Haemul Pajeon is a traditional Korean-style savory pancake made with a crisp, golden batter, loaded with scallions and a mix of seafood like shrimp, squid, and clams. It’s served with a tangy soy-based dipping sauce and is perfect as an appetizer, side, or light main dish. Crispy, chewy, and a little spicy if you like—it’s irresistible!
In a small bowl, whisk together all dipping sauce ingredients.
Adjust sweetness, heat, or acidity to your taste. Set aside.
Make sure seafood is cleaned, patted dry, and chopped into small bite-sized pieces.

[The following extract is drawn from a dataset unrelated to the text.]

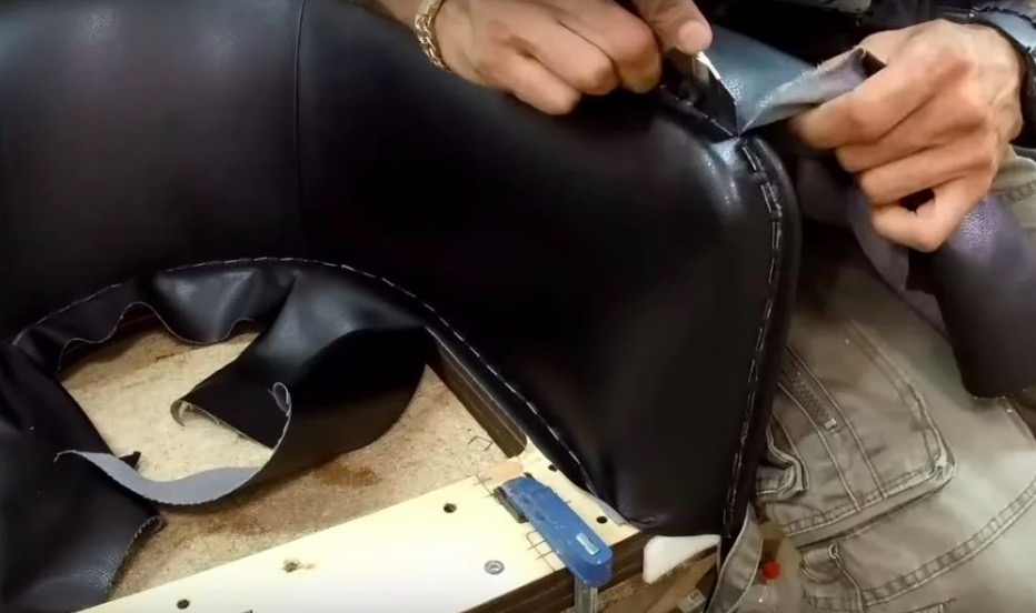 5. Обивка кожей, кожзамом или тканью сидушки и спинки. Крепление материалов совершается при помощи клейкой ленты, скоб и степлера.
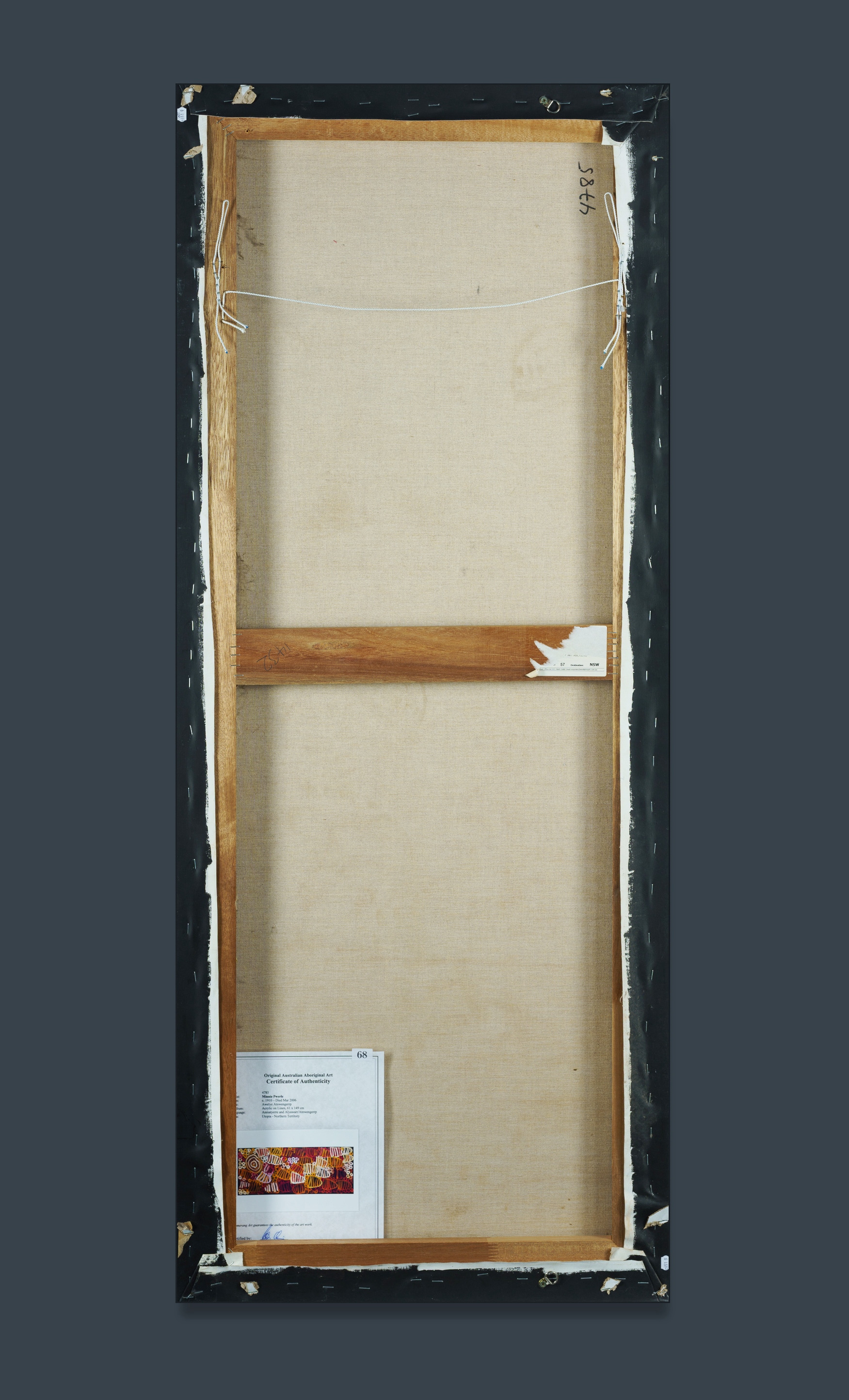 PWERLE, Minnie (Aboriginal 1922-2006) 'Awelye Atnwengerrp' Acrylic on Canvas 151x61cm PROVENANCE: Boomerang Art, Adelaide/Alice Springs, cat #4785 (certificate of authenticity included)Estimate $3,000-4,000

Rinse scallions and slice lengthwise into thin strips if large; keep long for traditional look.
In a mixing bowl, whisk flour(s), cold water, egg, and salt until smooth.
The batter should be slightly thinner than pancake batter—add a bit more water if too thick.
Heat 2 tbsp of oil in a large nonstick or cast iron skillet over medium-high heat.
Pour in half the batter to form a large pancake (~10 inches), spreading evenly.
Quickly layer on half the seafood and scallions, gently pressing them into the batter.
Drizzle a spoonful of extra batter over the top to “lock in” the toppings.
Cook for 4–5 minutes, pressing gently with a spatula to crisp the bottom.
Flip carefully (use two spatulas or a plate if needed), add a touch more oil, and cook the other side for 3–4 minutes, until golden brown and crispy.
Slice each pancake into wedges and serve hot with dipping sauce.
Cold water in the batter helps create a crispy texture.
Rice flour and pressing during cooking improve crunchiness.
Seafood can be substituted with what you have on hand: scallops, small oysters, or even imitation crab.
Drink: Serve with Makgeolli (Korean rice wine), light beer, or sparkling water with lime
Dessert: Try fresh fruit or sweet rice cakes (tteok) for a light finish.